My mother is a certifiable beach Nazi. If a child throws so much as a grain of sand her way, she will shoot him a look so deadly he will run cowering to his parents. It’s a beautiful thing to behold, really, and quite effective as kids often steer clear of our blanket. As a result, however, I’m a bit paranoid about my own children’s beach behavior and have become certifiable in my own right. After witnessing weeks of bad beach etiquette, I feel the need to share this list of beach dos and don’ts that would make my mom proud:
1. Don’t throw sand – ever. Don’t walk to the shore and shake out your towel. Don’t let your kids run amongst the blankets, kicking up sand in their wake. Do teach them to deposit their shovel full of sand low to the ground, rather than vigorously throw it over their shoulder. Do take your flip-flops off before walking by my blanket. Sand has its place and it’s not between my teeth.
2. Mind your balls. Everyone loves throwing a football or playing paddle ball, but engaging in these activities at the shore of a crowded beach is just plain rude. Everyone must scrupulously avoid you and your balls. You keep hitting people, running into them and splashing them. Your balls land on people’s lunches. Take your balls and go to a field or park, or come back in October. Speaking of balls, gentlemen, please do not wear your sport shorts to the beach, sans underwear. That’s why they put that little mesh thing inside your bathing suit. It’s a ball catcher. Wear it, or, at the very least, keep those legs closed.
3. Personal space, people. I know there are those days when the temperature climbs to 100 degrees and everyone flocks to South County, so much so that you feel the entire state will tip right into the Atlantic. On those days, I accept that our blankets will be touching. Most days, however, there’s ample sand for all of us. Why, then, must people plop themselves so obtrusively close to my beach camp? If you’re planning a beach day with 18 of your closest friends and relatives, don’t show up at noon on a Sunday in July and expect to get prime real estate by squeezing yourself in between two families. Get there early, like the rest of us did. If you’re not sure about the boundaries, ask yourself these questions:
Are you sitting so close that no one can discern where your party ends and mine begins?

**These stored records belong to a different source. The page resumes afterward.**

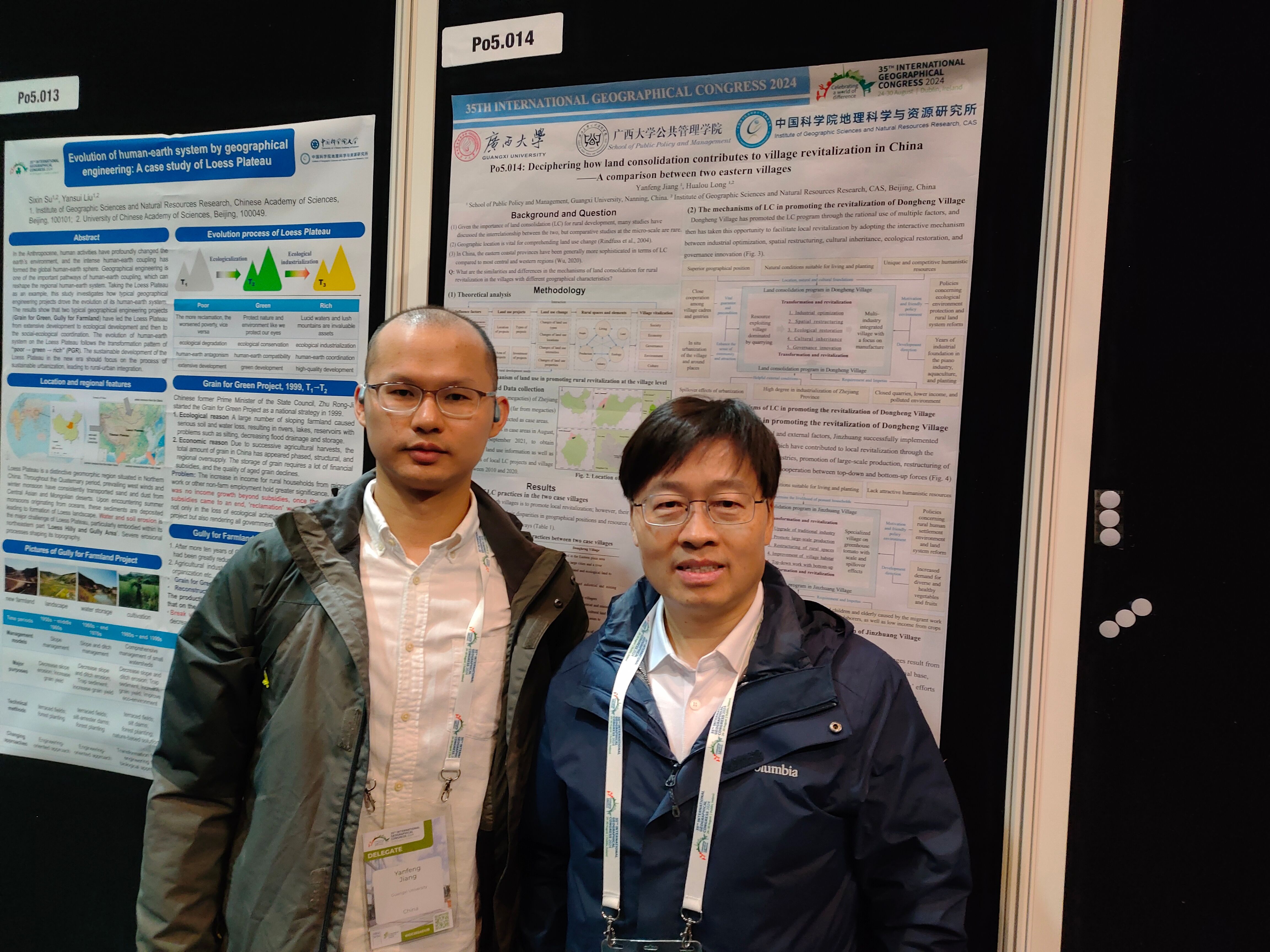 期间,龙花楼教授与姜棪峰助理教授共同做了两场报告题目分别为“Deciphering how land consolidation contributes to village revitalization in China—A comparison between two eastern villages”和“Ecological function transitions of land use in Beibu Gulf Economic Zone from the perspective of production-living-ecological spaces”的Poster Presentation,引起了国际同行的热烈关注。此外,龙花楼教授作为国际地理联合会乡村系统可持续性委员会(IGU-CSRS)指导委员,带领姜棪峰助理教授与国内外专家同行开展学术研讨和交流,深入探讨了未来在会议组织、平台建设、人才培养、成果发表与实地考察等领域的合作前景。
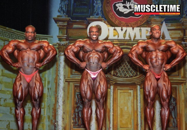 you clearly agree as you also post long strings of photos to help make your point. When was competition Dorian ever much heavier than Ronnie. Am I allowed to start posting scarily huge 300lb Ronnie pics now? Or some of the ones from off-season 99 where he looked very good also? I'm not sure Ronnie's bigger biceps than triceps is particularly evident in the shot I posted, it certainly doesn't detract. DO I need to remind you of almost all the pics of Dorian you've posted feature a badly torn biceps and triceps on one or both arms. Regarding Ronnie's calves; they do not measure up to Dorian's, I can certainly concede this. Again in the pic posted there is no noticable asymmetry, they are the best calves on the stage, clearly besting Cormier and Flex in that shot.
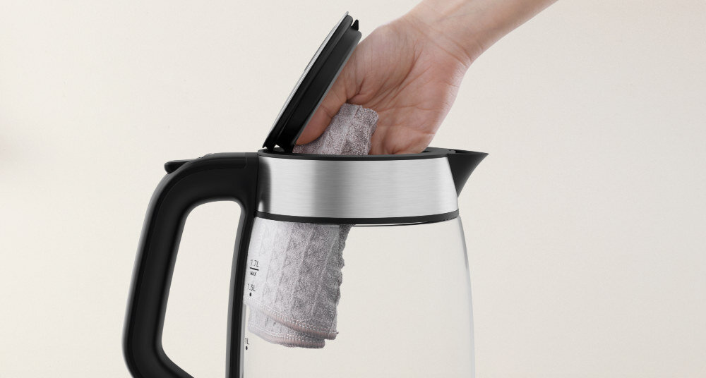 Szeroko otwierana pokrywa czajnika oraz ukryty element grzewczy to rozwiązania, które ułatwiają proces czyszczenia. Dzięki szerokiemu otwarciu pokrywy, dostęp do wnętrza jest wygodny, co umożliwia łatwe usuwanie kamienia oraz zanieczyszczeń. Ukryty element grzewczy eliminuje trudności związane z czyszczeniem osadów - nie ma bezpośredniego kontaktu z wodą.
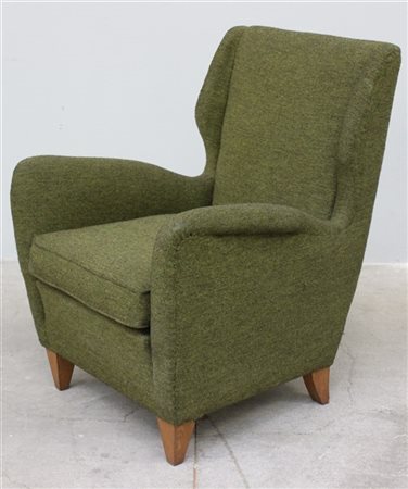 Poltrona con struttura in legno imbottita e rivestita in lana verde. Italia, anni '50. (cm 68x90x70) (lievi difetti e sostituzioni)
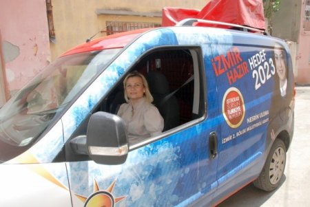 Genel seçimde İzmir’de birinci olmayı hedefleyen AK Parti’nin, 100’den fazla anons aracından birini Ayşen Talay kullanıyor. AK Parti İzmir İl Başkanlığı’ndaki anons araçlarını kullanan ilk kadın şoför unvanını alan Talay, her gün şehri sokak sokak dolaşıyor. AK Parti 2. bölge milletvekili adayı Nesrin Ulema’nın seçim arabasını kullanan Talay, günlük 200 kilometreye yakın yol katediyor. İlgiden memnun olduğunu belirten Talay, seçim araçlarında ilk defa bir kadın şoför gören İzmirlilerin, inanamayıp birkaç defa dönüp bakmasından da mutlu olduğunu söylüyor.
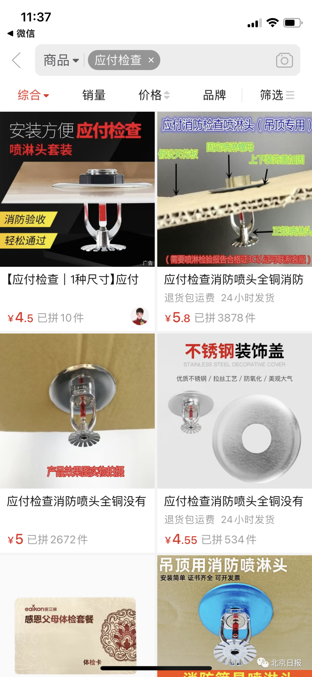 點(diǎn)開一家顯示“已拼1.4萬件”的,商品詳情頁看到,除商品名稱外,商品介紹的圖片中赫然寫著,“應(yīng)付檢查消防噴頭” 8個(gè)大字。
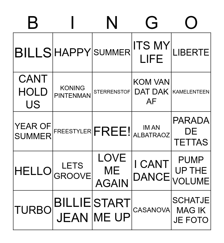 This bingo card has a free space and 24 words: LETS GROOVE, BILLIE JEAN, STERRENSTOF, TURBO, LIBERTE, BILLS, CANT HOLD US, HAPPY, IM AN ALBATRAOZ, LOVE ME AGAIN, KOM VAN DAT DAK AF, YEAR OF SUMMER, I CANT DANCE, PUMP UP THE VOLUME, KONING PINTENMAN, CASANOVA, PARADA DE TETTAS, SUMMER, KAMELENTEEN, FREESTYLER, SCHATJE MAG IK JE FOTO, HELLO, ITS MY LIFE and START ME UP.
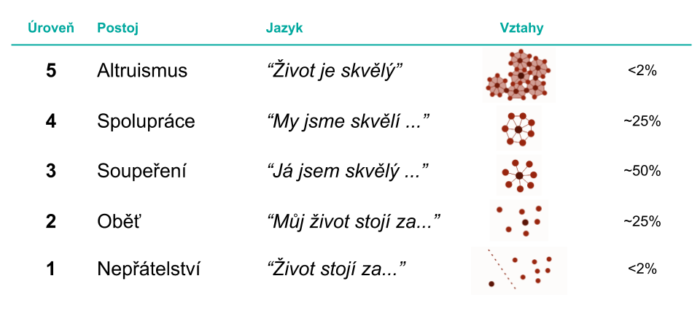 Tyto a další skupiny definoval David Logan se svým týmem v knize Tribal Leadership. Na jeho základě definujeme kulturu jako soubor kolektivně (nevědomky) akceptovaných přesvědčení, která tvoří konstelace emocí a myšlenek a ty spouští automatické vzorce chování v daném kolektivu. David a jeho tým prokázali, jak souvisí náš jazyk a forma vztahů s kolektivním přesvědčením. Stačí si na pár minut sednout do kuchyňky, poslouchat formu jazyka, kterou hovoří zaměstnanci a vidět vzorce vztahů, které se zde tvoří. Přínos práce týmu Logana a spol. je také v tom, že ukázal souvislost mezi vyšší úrovní kultury a výkonností, resp. motivací a loajalitou zaměstnanců. Čím vyšší, tím vyšší.
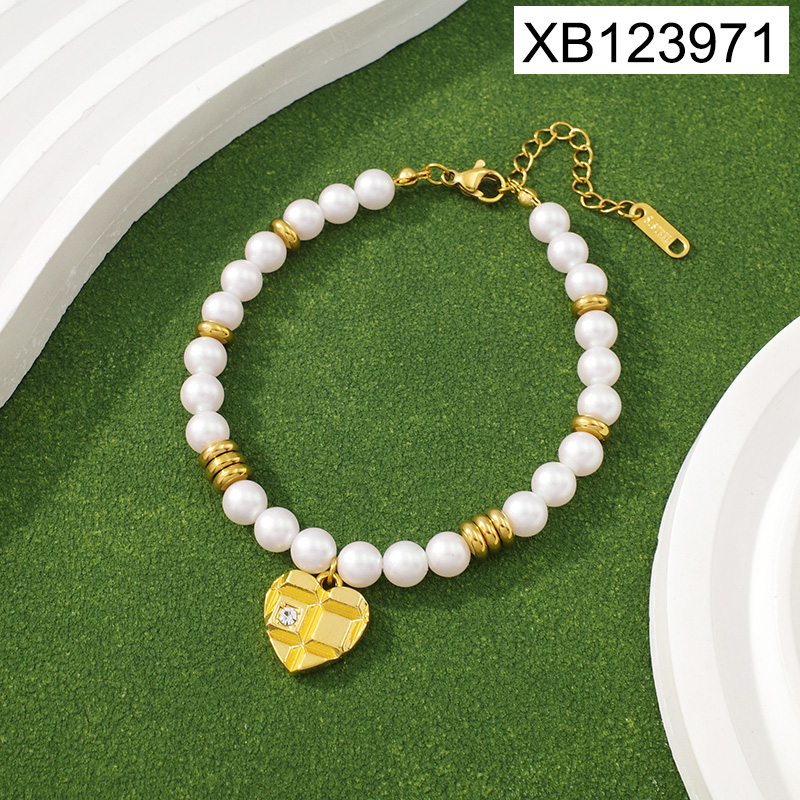 Home > Level B Stainless Steel New Trendy Women Jewelry Pearl Style/Plastic Beads Heart Golden Bracelet
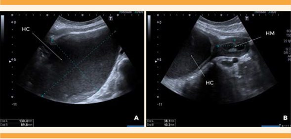 Figura 1 Ecografía transabdominal, corte sagital. A. Hematocolpos (HC). B. Hematocolpos (HC) y hematometra (HM).
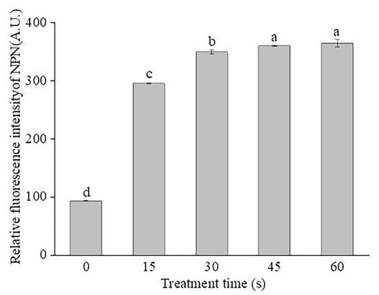 For Gram-negative bacteria, the outer membrane (OM) plays an important role in the rapid adaptation to various environmental stresses such as heat, acid, and antibiotics [32]. In this work, the n-phenyl-1-napthylamine (NPN) access assay was applied to assess the influences of SAEW on the OM permeabilization of P. deceptionensis CM2 cells. NPN is a neutral hydrophobic fluorescent probe, exhibiting low fluorescence quantum yield in an aqueous environment, but becomes strongly fluorescent in nonpolar or hydrophobic environments. Therefore, NPN is widely used to assess the damage of the outer membrane of Gram-negative bacteria [33]. As shown in Figure 6, SAEW treatment caused an increase in the NPN fluorescence intensity of P. deceptionensis CM2 cells. After being treated by SAEW for 15, 30, 45, and 60 s, the NPN fluorescence intensity of P. deceptionensis CM2 cells was increased by 202%, 255%, 266%, and 271%, respectively, compared to the untreated cells (p < 0.05). These data indicate that SAEW disrupted the extracellular membranes of P. deceptionensis CM2 cells, which might contribute to the cell death [34]. Previous studies showed that AEW with high ORP caused the oxidation of sulfhydryl groups on cell surfaces and disturbed metabolic pathways inside the bacterial cells, which might be responsible for cell death [35,36]. In addition, active chlorine forms (Cl2, HOCl, and OCl−) are the main crucial substances for the damage to outer membrane [37].

Are people unable to walk between my camp and yours without stepping on my blanket?
If a strong breeze blows, will I catch of whiff of your body odor and/or salami and cheese sandwich?
If you’ve answered “yes” to any of these questions, you have your answer: You’re too close.
4. Go home with your toys, and only your toys. The beach is a veritable key party for toys, as most of us come with one set and leave with another. You can almost hear the toys plotting their exit: “Hey you, in the Hello Kitty bikini. I came with her, but I’m going home with YOU.” While I like the idea of a fair swap, I don’t like that my kids’ toys are so vulnerable. I know it’s just a shovel, but it’s my shovel, damn it, and I’d like to go home with the one with which I arrived. Please tell your kids to leave my toys alone, even if they beg to be taken home. I’ll do the same.
5. Finally, and most importantly, stop feeding the seagulls. It’s hard to believe this rule needs to be said, but every summer some morons decide that last clamcake would make a great seagull snack. There they stand, large grin on their faces, as the seagulls surround them like a scene from “The Birds.” The rest of us, however, are getting pummeled with bird shit and must rush to cover our bags of chips as these rats with wings descend upon our blankets. If you want to feed birds, do it in your own backyard where they’ll crap all over YOU and YOUR stuff. As for that last clamcake, eat it or throw it in the garbage. Seagulls don’t need grease and carbs.
I apologize if I come off as a curmudgeon. I just want to enjoy my day at the beach without being covered in seagull poop and getting hit by stray balls. If you disagree with my rules, or have a rule or two you’d like to share, please comment. I’d love to hear from you. That said, Number 5 is not up for debate.
You make me proud daughter dearest.. sounds like you may be soon taking my reign over as Beach Nazi Queen! Love it… people pay attention!
LMAO! Add in loud music and cigarette smoke and I'm on-board!